→ Dataset items:
►

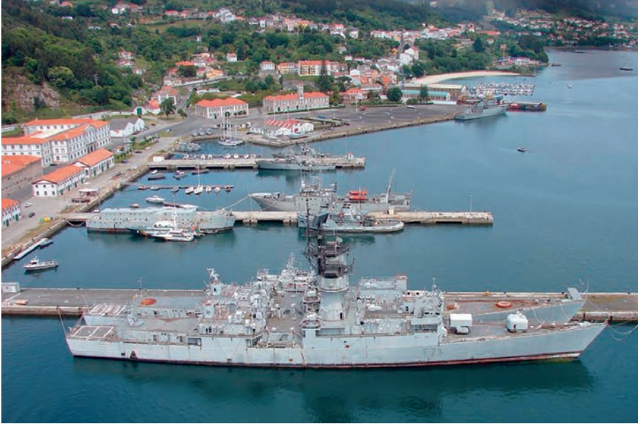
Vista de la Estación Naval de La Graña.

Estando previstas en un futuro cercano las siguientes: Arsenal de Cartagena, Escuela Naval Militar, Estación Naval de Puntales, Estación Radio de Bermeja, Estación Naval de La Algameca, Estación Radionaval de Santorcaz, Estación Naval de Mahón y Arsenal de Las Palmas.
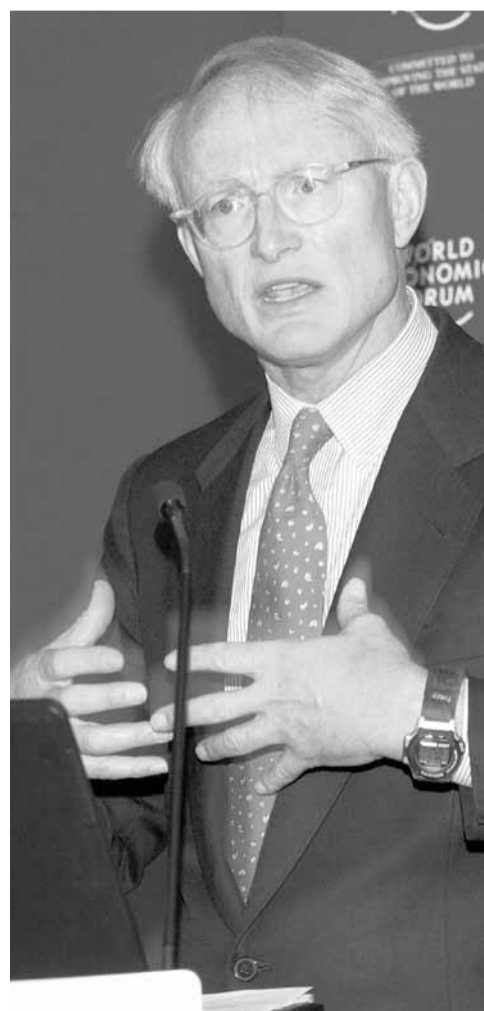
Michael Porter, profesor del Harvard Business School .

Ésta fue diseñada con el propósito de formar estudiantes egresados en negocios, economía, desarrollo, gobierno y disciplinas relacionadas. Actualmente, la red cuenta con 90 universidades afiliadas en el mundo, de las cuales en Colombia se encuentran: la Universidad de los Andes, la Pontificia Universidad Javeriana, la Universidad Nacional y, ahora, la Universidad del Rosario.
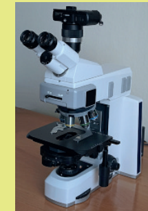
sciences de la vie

◄
►

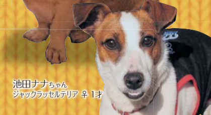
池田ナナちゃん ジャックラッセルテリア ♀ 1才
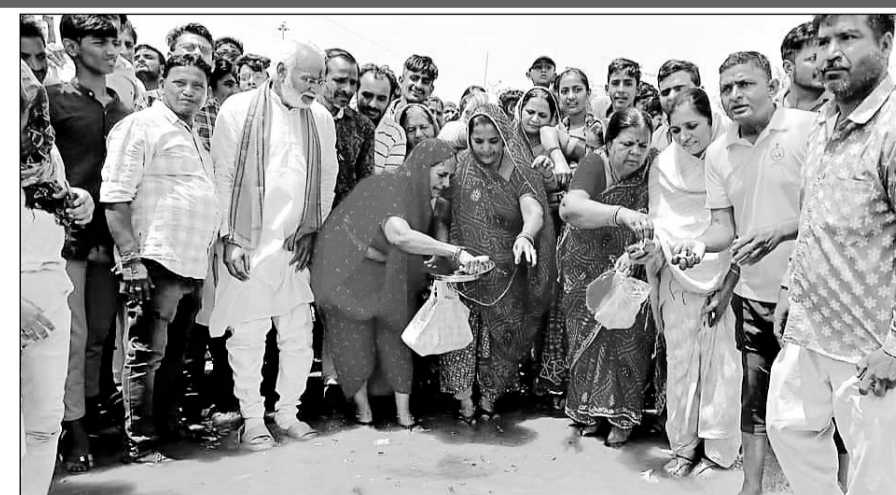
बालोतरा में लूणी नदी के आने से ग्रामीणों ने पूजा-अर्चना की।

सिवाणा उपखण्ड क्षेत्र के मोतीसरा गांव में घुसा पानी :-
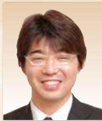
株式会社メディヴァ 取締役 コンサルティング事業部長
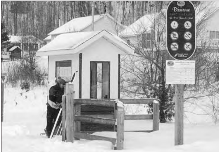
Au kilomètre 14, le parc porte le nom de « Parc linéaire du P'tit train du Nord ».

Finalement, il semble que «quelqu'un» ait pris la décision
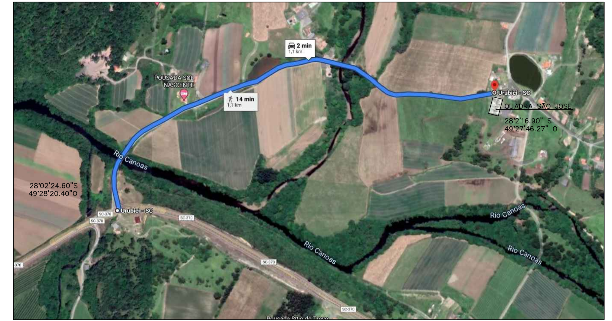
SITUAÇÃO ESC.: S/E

◄

Reproduce each line of the records in which the string "Naval" appears.

→ Result for this task:
Vista de la Estación Naval de La Graña.
Estando previstas en un futuro cercano las siguientes: Arsenal de Cartagena, Escuela Naval Militar, Estación Naval de Puntales, Estación Radio de Bermeja, Estación Naval de La Algameca, Estación Radionaval de Santorcaz, Estación Naval de Mahón y Arsenal de Las Palmas.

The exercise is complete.